30.08.2012 - 28.09.2012
“Silence is golden” is a term that tells it how it is in Japan. Being quiet is the goal of all people in Japan and it is actually really enjoyable. After living in Siem Reap this year where noise is a part of every day life, especially if you have a wedding or a funeral going on near by, and being in China where if you are standing right next to somebody you are still required to yell at them and the use of mobile phones in public is revered, coming to Japan is bliss. I will also admit that it has been somewhat difficult for me to lower the volume of my voice and laugh and that Merilyn and I combined makes it even more difficult. However, I think I have succeeded and I am also finding myself getting just a little cranky if somebody is talking a little loud (like 2 little old ladies on the bus the other day – who, in their defense, were probably a little deaf.) In the whole time I have been here I have never heard anyone raise their voice in anger to anyone – even mothers with little kids speak softly to them – and it works! The children here are so well behaved.

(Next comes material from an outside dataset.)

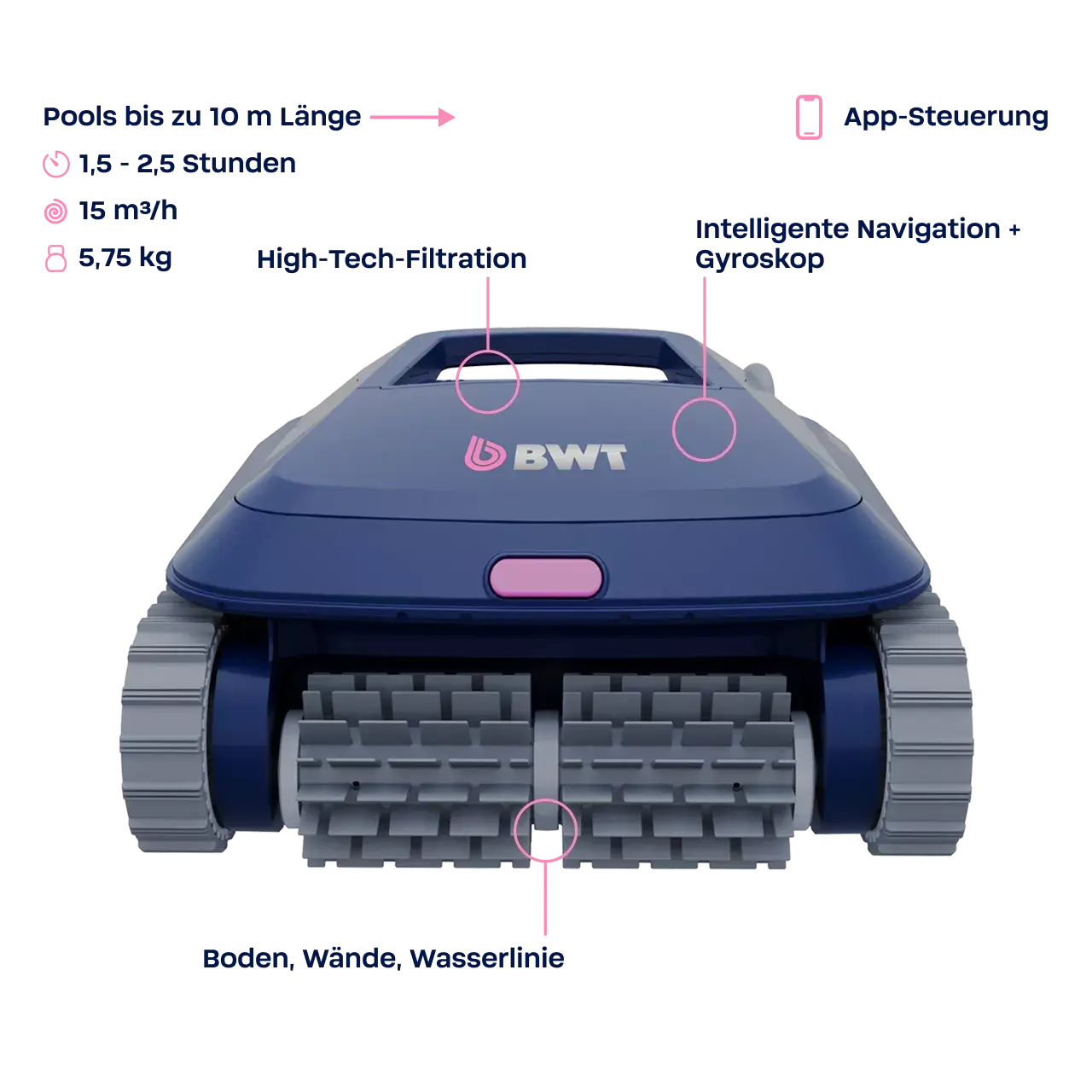 Trotz seines geringen Gewichts von 5,75 kg reinigt er Boden, Wände und Wasserlinie mit einer Saugleistung von 15 m³/h. Der Reinigungszyklus beträgt 1,5 h / 2,0 h / 2,5 h, unterstützt durch PVC-Bürsten, eine doppelte Hyperfine-Filtration und eine Leistungsaufnahme von 150 Watt. - SMART & ZUVERLÄSSIG

It is highly frowned upon to use your mobile phone on any public transport. If you are anywhere near the priority seats (seats for the elderly, women with children etc) then you actually must turn off your phone altogether. In other parts it must be on silent. On the rare occasion that someone does answer their phone they talk very very softly, with their hand coving their mouth to reduce the volume for those sitting near by. Or if they are on a long distance train they will get up from their seat and move to the link between the carriages and talk there. Mobile phone etiquette is highly regarded here in Japan. I would love to see some of it in Australia.